Write out the listing verbatim. No pictures belong in it.

+++ DATASET EXCERPT +++

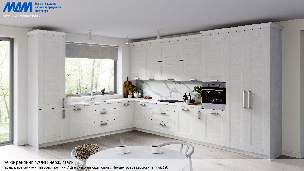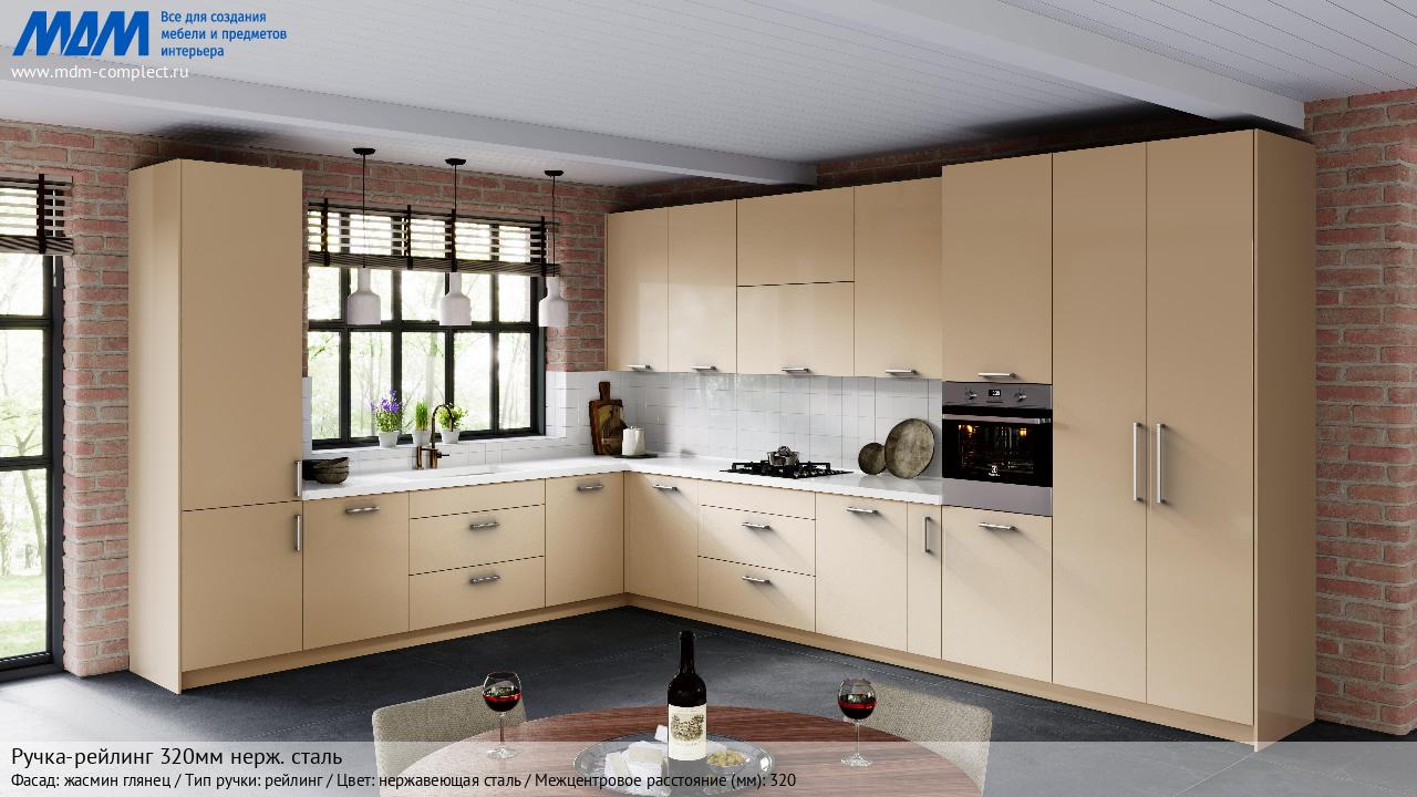 Мебельная Ручка-рейлинг 320мм нерж. сталь на различных фасадах в кухонном интерьере в стиле классика, лофт, модерн.
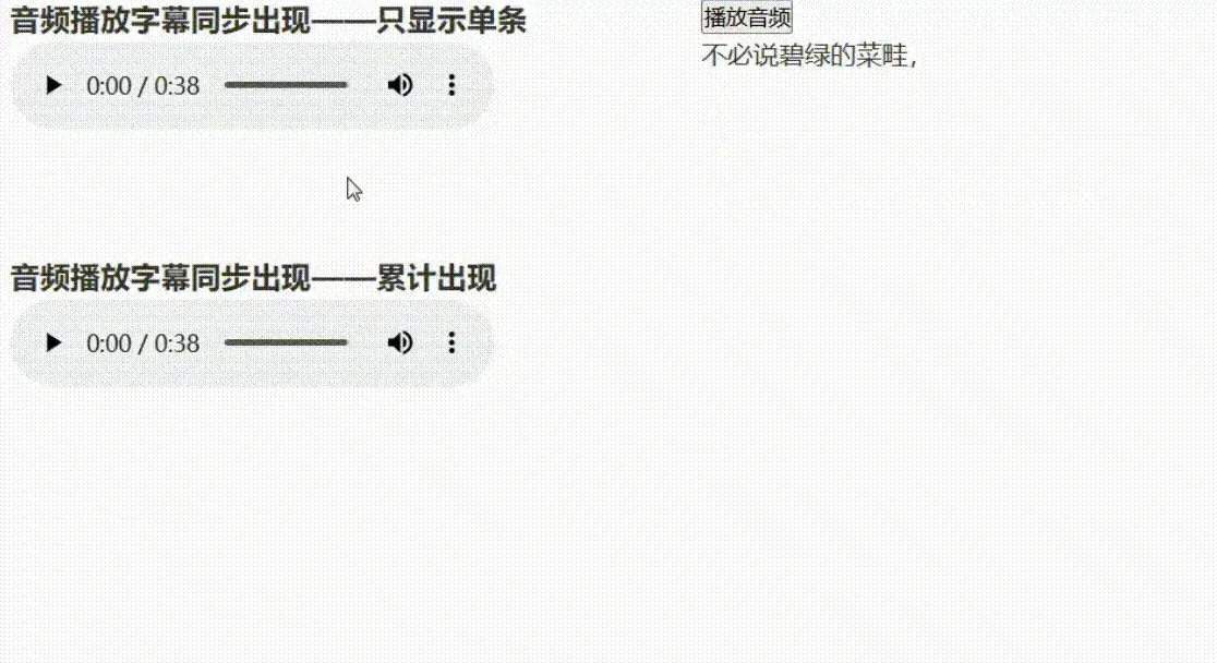 <h3>音頻播放字幕同步出現——只顯示單條</h3>
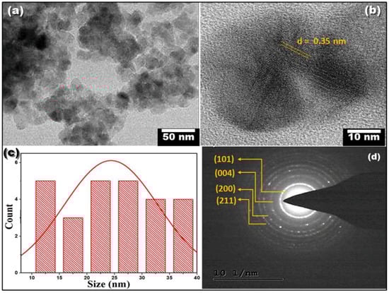 Individual CS-TiO2 particle calcination at 400 °C for 4 h is shown in the HR-TEM images, Figure 5a,b at two different magnifications. CS-TiO2 NPs have a consistent spherical form. Figure 5b shows a HR-TEM micrograph of anatase TiO2 NPs at a greater magnification. The anatase form of biogenic TiO2 (101) NPs with a fringe width of 0.35 nm was verified. i.e., the d-spacing value was found to be 0.35 nm. Figure 5c shows the histogram of the particle size distribution. The average particle size distribution of the individual particles was found to be in the range of 12.5 ± 1.5 nm, whereas the average size of the aggregates is 24.5 ± 11.5 nm. The crystalline structure of biogenic CS-TiO2 NPs was further verified by a SAED pattern, Figure 5d, with bright spherical rings corresponding to planes (101), (004), (200), (105), (211), (204), (220), and (215), respectively, of the anatase crystal [,]. The lattice fringes clearly show that the particles are crystalline with an anatase phase, which is supported by the XRD and SAED results. Hence, the brighter spot and strong rings in the SAED pattern indicate that the green method created highly crystalline titanium dioxide NPs.

+++

_RESULT OF THIS TASK_
 Мебельная Ручка-рейлинг 320мм нерж. сталь на различных фасадах в кухонном интерьере в стиле классика, лофт, модерн.
 <h3>音頻播放字幕同步出現——只顯示單條</h3>
 Individual CS-TiO2 particle calcination at 400 °C for 4 h is shown in the HR-TEM images, Figure 5a,b at two different magnifications. CS-TiO2 NPs have a consistent spherical form. Figure 5b shows a HR-TEM micrograph of anatase TiO2 NPs at a greater magnification. The anatase form of biogenic TiO2 (101) NPs with a fringe width of 0.35 nm was verified. i.e., the d-spacing value was found to be 0.35 nm. Figure 5c shows the histogram of the particle size distribution. The average particle size distribution of the individual particles was found to be in the range of 12.5 ± 1.5 nm, whereas the average size of the aggregates is 24.5 ± 11.5 nm. The crystalline structure of biogenic CS-TiO2 NPs was further verified by a SAED pattern, Figure 5d, with bright spherical rings corresponding to planes (101), (004), (200), (105), (211), (204), (220), and (215), respectively, of the anatase crystal [,]. The lattice fringes clearly show that the particles are crystalline with an anatase phase, which is supported by the XRD and SAED results. Hence, the brighter spot and strong rings in the SAED pattern indicate that the green method created highly crystalline titanium dioxide NPs.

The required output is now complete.